Is $B(t-1)$ an Ito process?

Question

Let $I(\cdot)$ be an indicator, and $B_{t}$ be an 1-dim standard Brownian motion in a nice filtered probability space $(\Omega, \mathcal{F}, P, \mathcal{F}_{t})$. We consider a random process $$Y_{t} = I(t\ge 1) B_{t-1}.$$ Obviously, $Y$ is an $\mathcal F_{t}$-adapted process with finite quadratic variation $\langle Y \rangle_{t} = (t-1) I(t\ge 1)$.

[Q1.] Is it a Ito process, i.e. there exists a representation of the form $$Y_{t} = \int_{0}^{t} b_{s}ds + \sigma_{s}d B_{s}, \quad \forall t\ge 0$$ for some $\mathcal F_t$-adapted processes $b$ and $\sigma$?

[Q2.] If No for [Q1.], then is it semi-martingale?

[Q3.] If the answers for the above are both NO, then it gives an example of finite QV which is not semi-martingale. Is there any other such an example which belongs to QV but not in semi-martingale?

Answer 1

Note that for fixed $t_0$, we have by the martingale representation theorem that

$$Y_{t_0} = \int_0^{t_0} I\bigl( s \in [0,t_0-1) \bigr) \, dB_s.$$

In particular that for $t_0\leq 1$ the indicator yields $0$ trivially. However, if we want to consider the process $(Y_t)$, then the integrand $I\bigl( s \in [0,t-1) \bigr)$ is not progressively measurable in the Brownian filtration (i.e. not measurable w.r.t. the $\sigma$-field $\mathcal{B}([0,s]) \otimes \mathcal{F}_s$). Thus it is not an Ito process and also not a semi-martingale as the martingale representation is unique. This answers [Q1] and [Q2].
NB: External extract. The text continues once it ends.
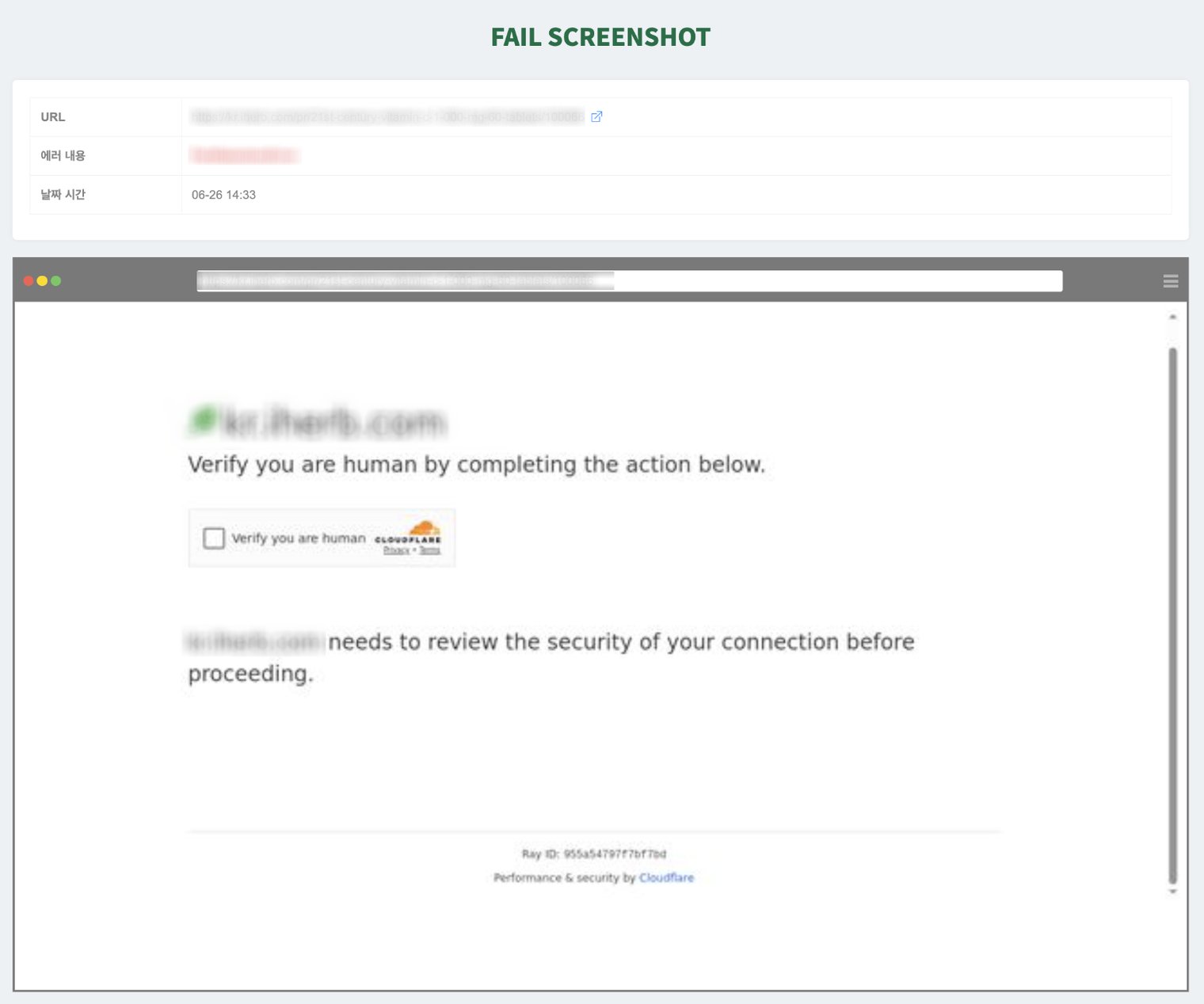 在截圖中顯示 CAPTCHA、機器人偵測、權限檢查或其他表示封鎖的訊息,且即使稍後重試後仍重複出現相同畫面,收集器正被目標網站封鎖。無論錯誤代碼為何,在這種情況下需要代理設定。

As for [Q3], one classical example for a process with finite quadratic variation that is not a semimartingale is fractional Brownian motion with Hurst-parameter $h<1/2$. (It has even quadratic variation constant $0$).

Answer 2

Let $\sigma_t=I(t\ge 1)$ and $b_t=0$ for all $t$. So $\sigma_t$ and $b_t$ are deterministic and certainly predictable, adapted, and integrable. Then the Ito process $$ \int_0^t b_d\,ds + \sigma_s\,dB_s = \int_0^t I(s\ge 1)\,dB_s = I(t\ge 1)(B_t-B_1) $$ is identically distributed (but not identical) with your process $I(t\ge 1)B_{t-1}$.